Cursor AI as Navigator - Two Months of Experimentation
04 Jul 2025 . . Comments #2025 #ai #productivity #cursor
After two months of using Cursor at work, I’ve found myself acting more as a navigator than a traditional programmer. Drawing from my experience coaching learning engineers, I’ve learned to leverage AI to experiment more freely and defer repetitive tasks.
The Navigator Role
Instead of writing every line of code, I now focus on:
- Direction setting: Providing clear context and requirements
- Code review: Evaluating AI-generated solutions
- Iteration guidance: Steering improvements based on experience
- Architecture decisions: Making high-level design choices
This shift has allowed me to experiment more frequently. When I encounter a new approach or library, I can quickly prototype with AI assistance rather than spending hours reading documentation and writing boilerplate.
Deferring Repetitive Tasks
Cursor excels at handling the tedious parts of development:
- Setting up test fixtures and mocks
- Converting between data formats
- Writing documentation
- Creating boilerplate code
- Refactoring repetitive patterns
This frees up mental energy for the creative aspects of problem-solving and system design.
The Rust Cookbook Fix
A perfect example was fixing the Rust Cookbook’s failing build. The project had multiple issues: replacing error-chain
with anyhow
, fixing lychee config issues, and patching skeptic to handle rlibs better. Cursor helped me:
- Systematically identify and replace deprecated error handling patterns
- Update link checker configurations
- Navigate complex dependency resolution issues
- Coordinate fixes across multiple interconnected systems
What would have been weeks of careful manual debugging became a focused effort that resulted in a green build.
Model Transition: Gemini to Sonnet 4
I initially used Gemini extensively but hit credit limits. Sonnet 4 became my new model of choice at 3/4 the cost. The transition was seamless - Cursor’s interface abstracts away the underlying model, so I could focus on the work rather than model management.
The cost savings are significant for daily use, and Sonnet 4’s performance has been excellent for my coding tasks. The ability to switch models without changing workflows is a key advantage of Cursor’s architecture.

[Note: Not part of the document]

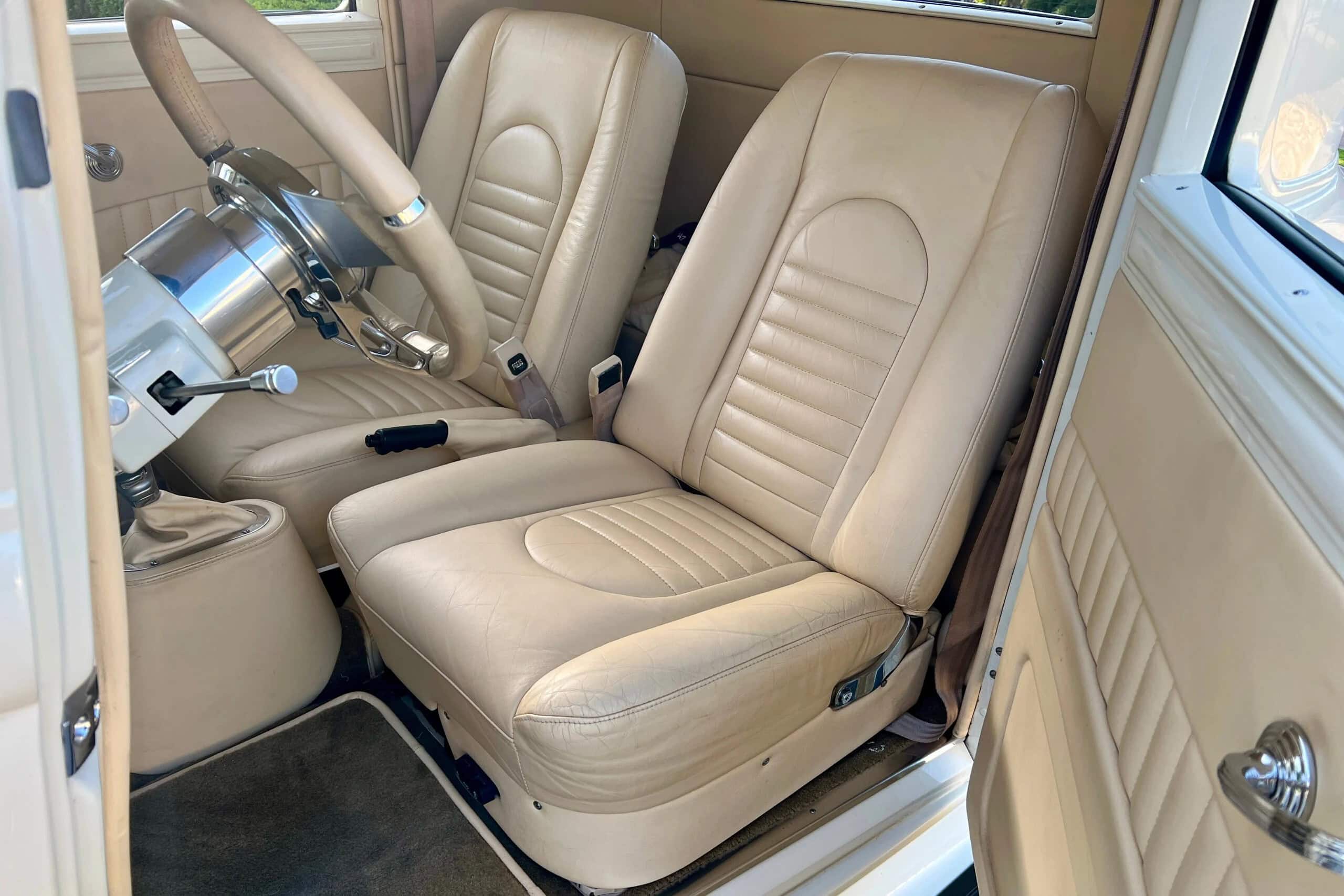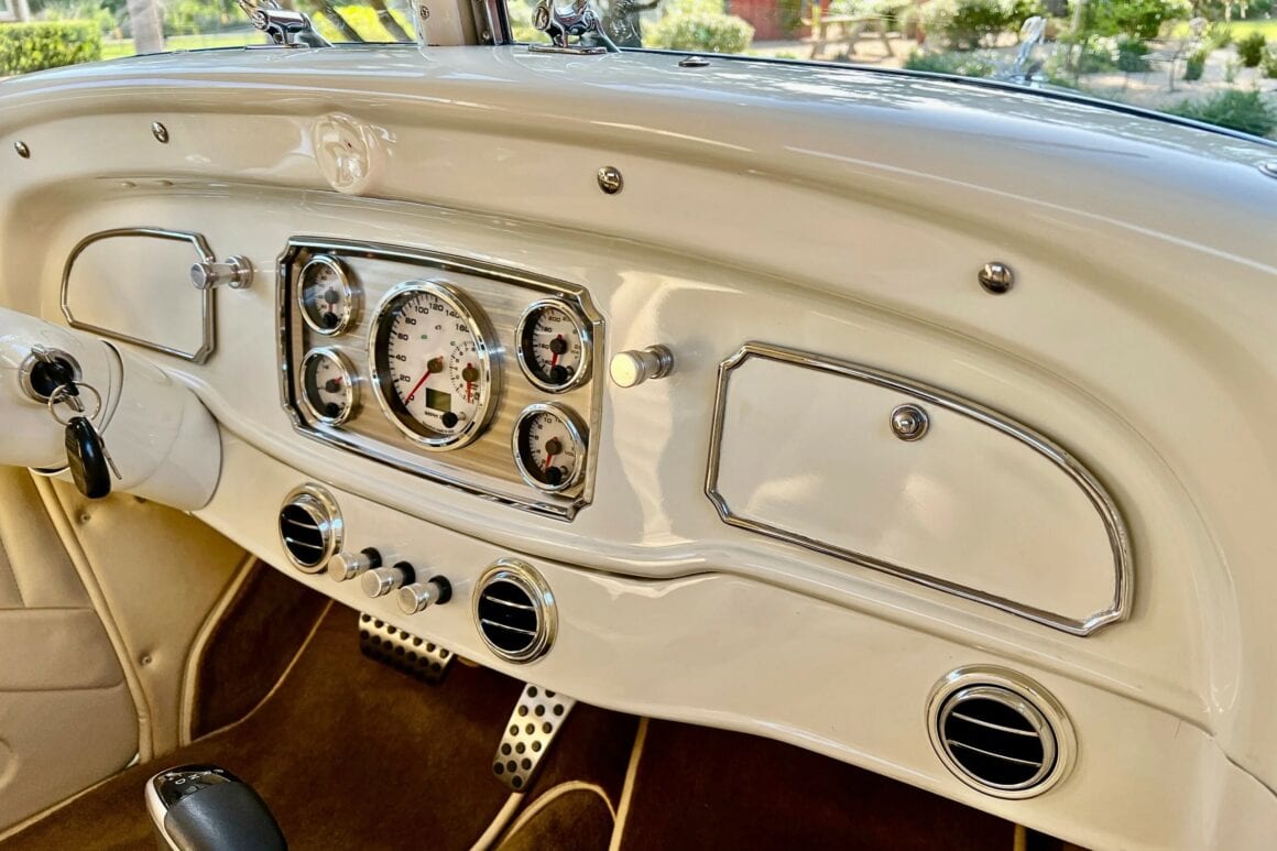 George et Ed ont fait toute la carrosserie et la peinture. Ce n’était pas une promenade de santé, car la carrosserie était en mauvais état. Pour obtenir de l’inédit,, George a choisi le “Cool Vanilla”, une teinte d’usine de PPG qui a été proposée de 2010 à 2020. La seule chose qu’ils n’ont pas faite était l’intérieur. C’est Dave Chrissy de Chrissy Interiors à Johnstown, en Pennsylvanie, qui a revitalisé le poste de pilotage. Il a entièrement reconstruit des sièges Corvette 1968 et les a recouverts de cuir BMW Fawn Beige. Speed Hut a reçu le feu vert pour les compteurs , qui se trouvent dans le tableau de bord d’usine rénové.

Multi-Window, Multi-Repository Workflow
The real breakthrough came when I started using multiple Cursor windows across different repositories. Being able to paste context back and forth between projects has been transformative for fixing upstream issues.
A perfect example was struggling with Rust skeptic rlib dependency issues. I had been banging my head against the wall for days, but when I opened skeptic in one window and my project in another, letting them communicate through shared context, suddenly 10 tests passed. The biggest struggle resolved itself through this cross-repository collaboration.
However, discovering the real problem with the rlibs revealed a performance regression that would’ve made the test suite take hours to run. The AI’s initial enthusiasm about the “success” needed my discerning navigator eye to catch this critical issue. When I asked for a 1000x performance improvement, it responded with a 100x - but that was enough to make specs run in under a second. The resulting pull request addressed the rlib issues that were causing multiple versions and test failures in the cookbook.
This workflow pattern has become my go-to approach for complex dependency and integration issues.
Lessons Learned
Clear context is crucial: The better I explain the problem and desired outcome, the more useful the AI’s suggestions.
Review everything: AI-generated code needs human oversight, especially for edge cases and security considerations.
Iterate quickly: Don’t try to get the perfect solution in one go. Use AI to generate options, then refine based on experience.
Leverage your expertise: My background in coaching learning engineers translates well to guiding AI - clear objectives, constructive feedback, and iterative improvement.
Cross-repository context sharing: Multiple windows with different codebases can solve problems that seem intractable in isolation.
Stay skeptical of AI optimism: Don’t let the AI’s positive vibes cloud your judgment. Keep your discerning navigator eye sharp for performance regressions and hidden issues that initial “successes” might mask.
Cursor has become an essential tool in my development workflow, not as a replacement for programming skills, but as a force multiplier that lets me focus on what humans do best: understanding problems, making decisions, and creating value.